Abraham, Alan R; Maghsoudlou, Panayiotis; Copland, David A; Nicholson, Lindsay B; Dick, Andrew D.
Afiliação
  • Abraham AR; Ophthalmology Research Group, Academic Unit of Ophthalmology, Translational Health Sciences, University of Bristol, Bristol, United Kingdom.
  • Maghsoudlou P; Ophthalmology Research Group, Academic Unit of Ophthalmology, Translational Health Sciences, University of Bristol, Bristol, United Kingdom.
  • Copland DA; University of Bath, Bath, United Kingdom.
  • Nicholson LB; Ophthalmology Research Group, Academic Unit of Ophthalmology, Translational Health Sciences, University of Bristol, Bristol, United Kingdom.
  • Dick AD; Ophthalmology Research Group, Academic Unit of Ophthalmology, Translational Health Sciences, University of Bristol, Bristol, United Kingdom.

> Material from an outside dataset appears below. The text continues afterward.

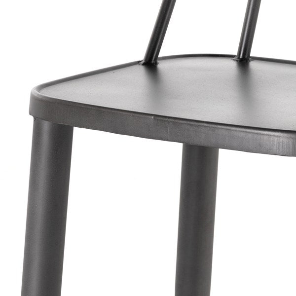 Try a fresh twist on the traditional Windsor, made entirely from black-finished iron as to pair with a wide range of tables, from wood to marble and more.

Front Ophthalmol (Lausanne) ; 3: 1184937, 2023.
Article em En | MEDLINE | ID: mdl-38983082
ABSTRACT
Ophthalmic autoimmune and autoinflammatory conditions cause significant visual morbidity and require complex medical treatment complicated by significant side effects and lack of specificity. Regulatory T cells (Tregs) have key roles in immune homeostasis and in the resolution of immune responses. Polyclonal Treg therapy has shown efficacy in treating autoimmune disease. Genetic engineering approaches to produce antigen-specific Treg therapy has the potential for enhanced treatment responses and fewer systemic side effects. Cell therapy using chimeric antigen receptor modified T cell (CAR-T) therapy, has had significant success in treating haematological malignancies. By modifying Tregs specifically, a CAR-Treg approach has been efficacious in preclinical models of autoimmune conditions leading to current phase 1-2 clinical trials. This review summarises CAR structure and design, Treg cellular biology, developments in CAR-Treg therapies, and discusses future strategies to apply CAR-Treg therapy in the treatment of ophthalmic conditions.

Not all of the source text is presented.